Is it true that $\dim(X) \leq \dim(X^{\ast})$ for every infinite dimentional Banach space $X$?

Given an arbitrary infinite dimensional Banach space $X$, can we deduce that it's dimension $\dim(X)$ (the cardinality of one of its Hamel bases) is less or equal of the dimension $\dim(X^{\ast})$ of its dual space (the space of all continuous linear functionals $f:X\to\mathbb{R}$)?


This is an interesting question which has been unaddressed for a long time, so I'll give it a shot.

Lets denote the cardinality of a set $A$ by $|A|$. For a normed space $X$ we define its density character $d(X)$ as the smallest cardinality of its dense sets, that is $d(X)=\min\{|D|: D\subseteq X, \overline{D}=X\}$. In particular a separable normed space $X$ has $d(X)=\aleph_0$.

We need the following three lemmas:

Lemma 1: If $X$ is an infinite dimensional vector space over $\mathbb{R}$ and $\dim X\geq |\mathbb{R}|$, then $\dim X=|X|$.

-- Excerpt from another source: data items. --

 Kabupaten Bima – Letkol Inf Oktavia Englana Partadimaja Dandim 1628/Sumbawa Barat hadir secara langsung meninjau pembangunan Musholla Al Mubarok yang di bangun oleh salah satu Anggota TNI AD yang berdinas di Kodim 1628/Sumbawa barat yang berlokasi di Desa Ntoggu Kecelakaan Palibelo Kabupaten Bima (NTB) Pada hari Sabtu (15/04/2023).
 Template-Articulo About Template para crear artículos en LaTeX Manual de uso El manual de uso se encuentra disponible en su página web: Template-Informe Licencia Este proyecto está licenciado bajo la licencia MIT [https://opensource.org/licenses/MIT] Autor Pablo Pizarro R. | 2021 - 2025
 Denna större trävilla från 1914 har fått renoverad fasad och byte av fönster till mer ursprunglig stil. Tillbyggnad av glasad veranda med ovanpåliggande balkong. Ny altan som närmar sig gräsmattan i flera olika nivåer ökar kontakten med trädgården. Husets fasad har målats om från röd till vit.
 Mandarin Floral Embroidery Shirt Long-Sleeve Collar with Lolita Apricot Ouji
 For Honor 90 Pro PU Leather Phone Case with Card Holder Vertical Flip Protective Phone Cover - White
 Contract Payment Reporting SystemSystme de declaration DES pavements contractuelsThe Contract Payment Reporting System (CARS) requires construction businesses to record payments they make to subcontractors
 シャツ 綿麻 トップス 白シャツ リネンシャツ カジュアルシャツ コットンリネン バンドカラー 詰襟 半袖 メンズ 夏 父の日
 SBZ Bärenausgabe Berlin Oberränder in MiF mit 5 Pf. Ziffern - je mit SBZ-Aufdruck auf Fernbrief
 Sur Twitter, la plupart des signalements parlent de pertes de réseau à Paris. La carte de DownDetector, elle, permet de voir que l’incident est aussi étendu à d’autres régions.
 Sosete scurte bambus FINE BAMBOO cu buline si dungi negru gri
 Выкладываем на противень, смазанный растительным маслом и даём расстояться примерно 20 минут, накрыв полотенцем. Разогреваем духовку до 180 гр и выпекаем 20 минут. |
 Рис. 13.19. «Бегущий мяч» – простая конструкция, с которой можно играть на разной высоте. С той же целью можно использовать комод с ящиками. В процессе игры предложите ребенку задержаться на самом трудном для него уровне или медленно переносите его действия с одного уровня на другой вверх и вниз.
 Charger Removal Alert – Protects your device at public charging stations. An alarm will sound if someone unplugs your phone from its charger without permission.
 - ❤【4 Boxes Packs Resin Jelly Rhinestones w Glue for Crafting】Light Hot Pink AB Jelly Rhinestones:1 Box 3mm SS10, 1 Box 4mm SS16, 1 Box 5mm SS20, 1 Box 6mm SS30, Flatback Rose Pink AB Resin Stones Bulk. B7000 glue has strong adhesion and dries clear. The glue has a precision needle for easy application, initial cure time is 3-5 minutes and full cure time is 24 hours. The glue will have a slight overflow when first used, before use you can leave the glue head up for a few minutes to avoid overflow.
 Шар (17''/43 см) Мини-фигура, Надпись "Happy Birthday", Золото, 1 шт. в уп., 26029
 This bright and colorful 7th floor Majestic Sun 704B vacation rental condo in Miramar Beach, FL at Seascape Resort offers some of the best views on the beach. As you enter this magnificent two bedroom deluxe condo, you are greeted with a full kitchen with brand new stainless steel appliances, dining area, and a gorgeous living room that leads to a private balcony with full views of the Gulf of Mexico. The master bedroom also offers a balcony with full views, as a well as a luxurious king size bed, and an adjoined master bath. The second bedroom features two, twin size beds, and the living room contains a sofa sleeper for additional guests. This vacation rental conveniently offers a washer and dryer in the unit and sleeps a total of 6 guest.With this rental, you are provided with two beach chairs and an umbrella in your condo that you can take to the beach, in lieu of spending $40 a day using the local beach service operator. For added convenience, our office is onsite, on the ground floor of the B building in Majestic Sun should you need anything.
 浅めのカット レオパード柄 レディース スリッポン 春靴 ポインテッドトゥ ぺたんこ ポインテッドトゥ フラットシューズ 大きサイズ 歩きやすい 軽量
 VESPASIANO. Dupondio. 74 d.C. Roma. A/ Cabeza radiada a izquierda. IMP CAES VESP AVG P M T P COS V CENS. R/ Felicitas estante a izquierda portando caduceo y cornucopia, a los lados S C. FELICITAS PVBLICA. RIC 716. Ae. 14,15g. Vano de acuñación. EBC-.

A proof of Lemma 1 can be found here.

Lemma 2: Let $X$, $Y$ be infinite dimensional Banach spaces with $d(X)\leq d(Y)$. Then $|X|\leq |Y|.$

You can find a proof here.

For the last step, it is known from functional analysis that when $X^*$ is separable, then so is $X$. If you check the proof carefully you'll realise that what is actually proven is the following:

Lemma 3: Let $X$ be a normed space. Then $d(X)\leq d(X^*)$.

Proof. Let $\{x_a^*: a\in A\}$ be a dense subset of $S_{X^*}$ of cardinality $|A|=d(X^*)$. For every $a\in A$ we pick an $x_a\in B_X$ with $x_a^*(x_a)>\tfrac{1}{2}$ and set $Y= \langle \{x_a: a\in A\} \rangle$. The set $Y$ is dense in $X$: Otherwise, there would exist an $f \in X^*$ with $\|f\|=1$ such that $f(y)=0$ for every $y\in Y$. But then for every $a\in A$, \begin{eqnarray*} \|f-x_a^*\|\geq |f(x_a)-x_a^*(x_a)|=\frac{1}{2}, \end{eqnarray*} which implies that $f\notin \overline{\{x_a^*: a\in A\}}=S_{X^*}$, a contradiction. So $X$ contains a dense subset of cardinality $|Y|\leq |A|$, therefore $d(X)\leq |A|=d(X^*)$.

Combining the previous lemmas, we get an affirmative answer to remilt's question.


That is a great answer to a very interesting problem. Given your current solution, I would like to suggest a possible generalization to the case of normed spaces.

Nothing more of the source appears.